There is also additional funding for the Welsh language; for Wales to deal with the impact of Brexit, support for businesses, and for music in schools.
Welsh Government Finance Secretary Mark Drakeford said: "This agreement builds on the one reached between the Welsh Government and Plaid Cymru last year and includes a series of recurrent allocations for the Welsh language, arts, end-of-life-care, mental health, higher education and Visit Wales.
"We have also been able to agree capital funding to take forward the new integrated healthcare centre in Cardigan and the results of the feasibility studies into a national art gallery and football museum in North Wales, which were agreed as part of last year's agreement."

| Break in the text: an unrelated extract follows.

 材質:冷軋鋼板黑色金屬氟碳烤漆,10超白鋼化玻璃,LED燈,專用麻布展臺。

Adam Price, Plaid Cymru's spokesperson for finance, business and the economy, said: "This is a Budget Agreement that will deliver for people and communities in all parts of Wales.
"It protects the vulnerable, invests in our young, and innovates for all our futures.

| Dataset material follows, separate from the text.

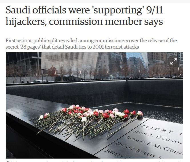 9/11調査委員会の元委員:「サウジ政府関係者らが、9/11のハイジャック犯らを支援していた。」(英ガーディアン)https://t.co/FwfQhmTjKb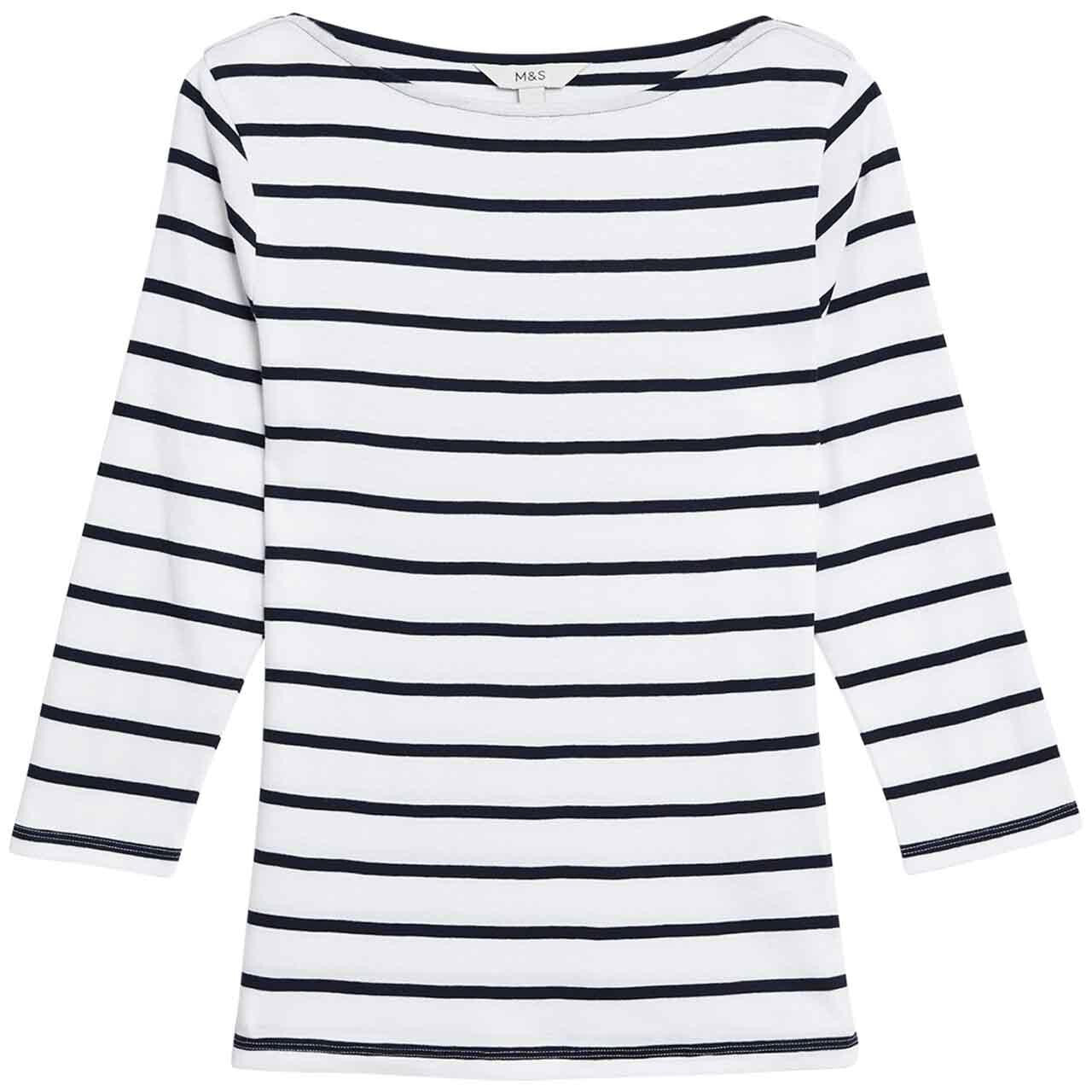 This M&S striped top is crafted from pure cotton, ensuring a naturally breathable feel suitable for everyday wear. It is cut for a modern slim fit, providing a comfortable silhouette that flatters the figure. The design incorporates several thoughtful details for easy styling throughout the year.

"This is a pan-Wales budget agreement, from the Cleddau to the Menai from Wrexham to the Rhondda, from culture to agriculture, from energy and transport to education and health."
Welsh Conservative leader, Andrew RT Davies, said: "This budget deal is the latest charade in the Plaid-Labour love affair and sees both parties break election promises to the people of Wales.
"The Plaid leader said her party could not support a government that backs the M4 relief road, but this budget provides the platform for the Welsh Government to press ahead.
"Both parties have given up on their political principles on tuition fees, public sector pay and M4 for another cosy backroom deal."